Przykładem budynku wykorzystującego szkło fotowoltaiczne jest Twin City Tower w Bratysławie.

Ten biurowiec ma na elewacji 192 elementy ze szkła fotowoltaicznego, które nie tylko produkują energię, ale także zapewniają izolację termiczną i akustyczną, zmniejszając zapotrzebowanie na energię potrzebną do ogrzewania, wentylacji i klimatyzacji o 19%.

Z kolei fasada jednej ze szkół w Danii została pokryta panelami słonecznymi, z których każdy jest ustawiony pod odpowiednim kątem.
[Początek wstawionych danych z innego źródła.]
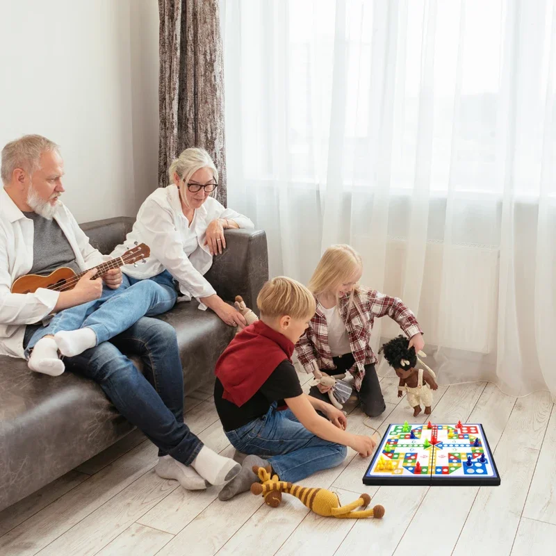 1Set Magnetic Foldable Flying Chess Crawling Mat Ludo Portable Board Game Camping Travel Game Set Aeroplane Chess
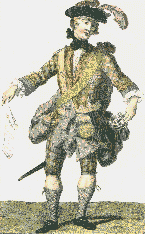 This is a somewhat romanticised etching of Prince Charles Edward Stuart ("Bonnie Prince Charlie") wearing the dress of the scottish nobility from the 18th Century.

Panele te generują energię pokrywającą ponad połowę rocznego zapotrzebowania szkoły.

Innym bardzo ciekawym materiałem jest grzybnia, zupełnie nowatorski materiał, który sam rośnie. To znaczy, że materiał zagęszcza się w trakcie pracy budynku i staje się trwalszy na przestrzeni czasu, przez co będzie w stanie zastąpić w wielu obszarach na przykład beton czy cement – mówi Tomasz Bojęć.

Grzybnia to system korzeniowy grzybów, który po utwardzeniu staje się wytrzymałym, odpornym na wodę i ogień materiałem.
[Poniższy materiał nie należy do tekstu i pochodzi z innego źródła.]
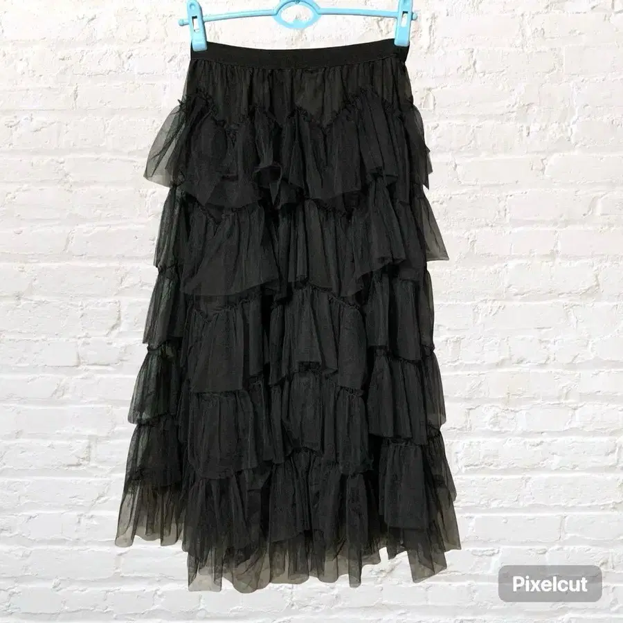 • 프릴 튤 롱 스커트 블랙 플라네 같은 형태

Choć już teraz znajduje zastosowanie w opakowaniach, naukowcy widzą w nim duży potencjał jako materiał budowlany. Dotychczas jego użycie ograniczało się głównie do tymczasowych konstrukcji, takich jak instalacje artystyczne.
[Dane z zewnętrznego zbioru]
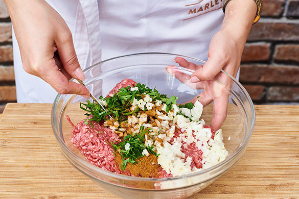 Die Petersilie samt Stängeln fein schneiden. Die ½ der Petersilie mit dem Hackfleisch, den restlichen Zwiebeln, dem Knoblauch, ca. 5 gehäuften EL Couscous, der Gewürzmischung sowie je 2 kräftigen Prisen Salz und Pfeffer verkneten. Aus der Masse ca. 18 Hackbällchen formen.
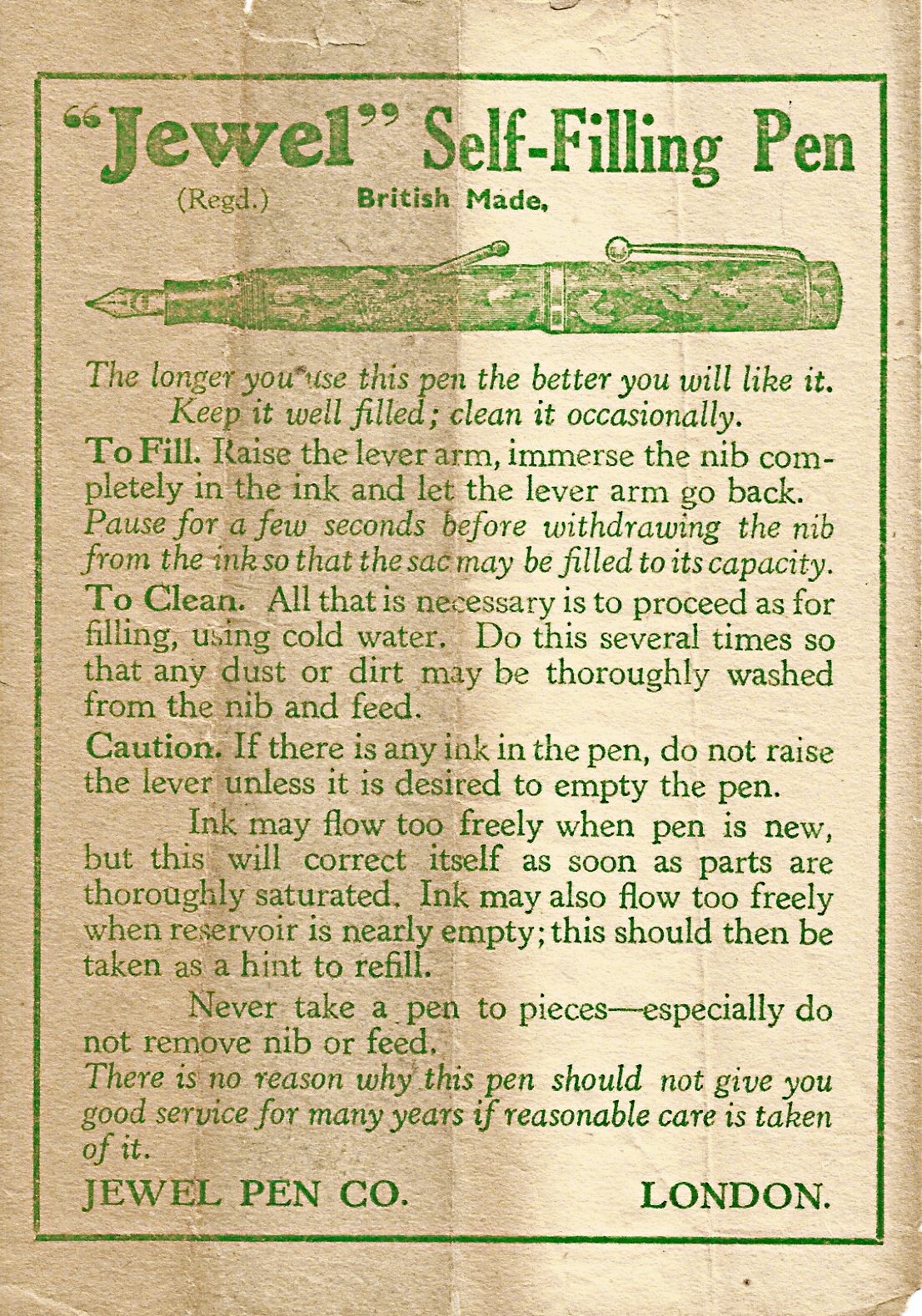 Nel 1939 la Jewel Pen Company fu acquistata dalla British Pens Ltd; continuò a produrre fino a quando, nel 1951, chiuse definitivamente.

Nowe materiały mogą też pomóc w wyłapywaniu CO2. To np. biowęgiel, który został już przetestowany w całkiem dużej skali. W 2021 roku jeden z salonów samochodowych w Monachium w 100 proc. został obłożony właśnie tym materiałem. Biowęgiel wyłapuje nawet do 2/3 produkcji CO2 z otoczenia, co powoduje, że potencjalnie zastosowanie takich materiałów będzie w stanie wyrównać koszty produkcji CO2, jaki generuje sektor budowlany – ocenia ekspert.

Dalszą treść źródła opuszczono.